Je joins à cette lettre le Discours sur la Satire des philosophes[1]. On l’attribue à M. de Saint-Lambert ; c’est un ouvrage plein de modération et sur lequel il n’y a eu ici qu’un jugement. M. de Voltaire avait lu à M. Grimm son Tancrède, lorsque celui-ci était à Genève, et il lui disait à propos des choses simples et des tableaux : « Vous voyez, mon cher, que j’ai fait bon usage des préceptes de votre ami » ; et il lui disait la vérité. Je ne sais si je n’irai pas la semaine prochaine passer quelques jours à la Chevrette. Ils veulent tous que je raccommode le Joueur, et que je le donne aux Français[2]. Ce sera là mon occupation. Adieu, ma tendre amie.

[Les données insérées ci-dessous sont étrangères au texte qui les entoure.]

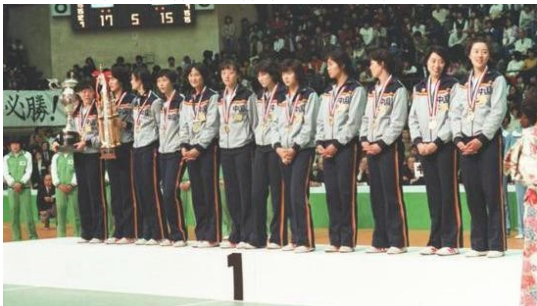
Εικόνα 16: world cup champion, 1981

Chinese women's volleyball players are seen on the victory podium after their team beat Japan 3-2 in the final to win the FIVB Women's World Cup for the first time in history in 1981

Je vous aime de toute mon âme ;

  1. Discours sur la Satire contre les philosophes, Athènes, 1760, in-12. Diderot, qui l’attribue ici à tort à Saint-Lambert, relève lui-même cette erreur dans la lettre xlviii, en la mettant sur le compte de l’abbé Coyer, son véritable auteur. (T.)
  2. Ce projet ne fut pas exécuté. Le Joueur, imprimé pour la première fois dans le Supplément aux Œuvres de Diderot, Paris, Belin, 1819, in-8, figure au t. VII de cette édition.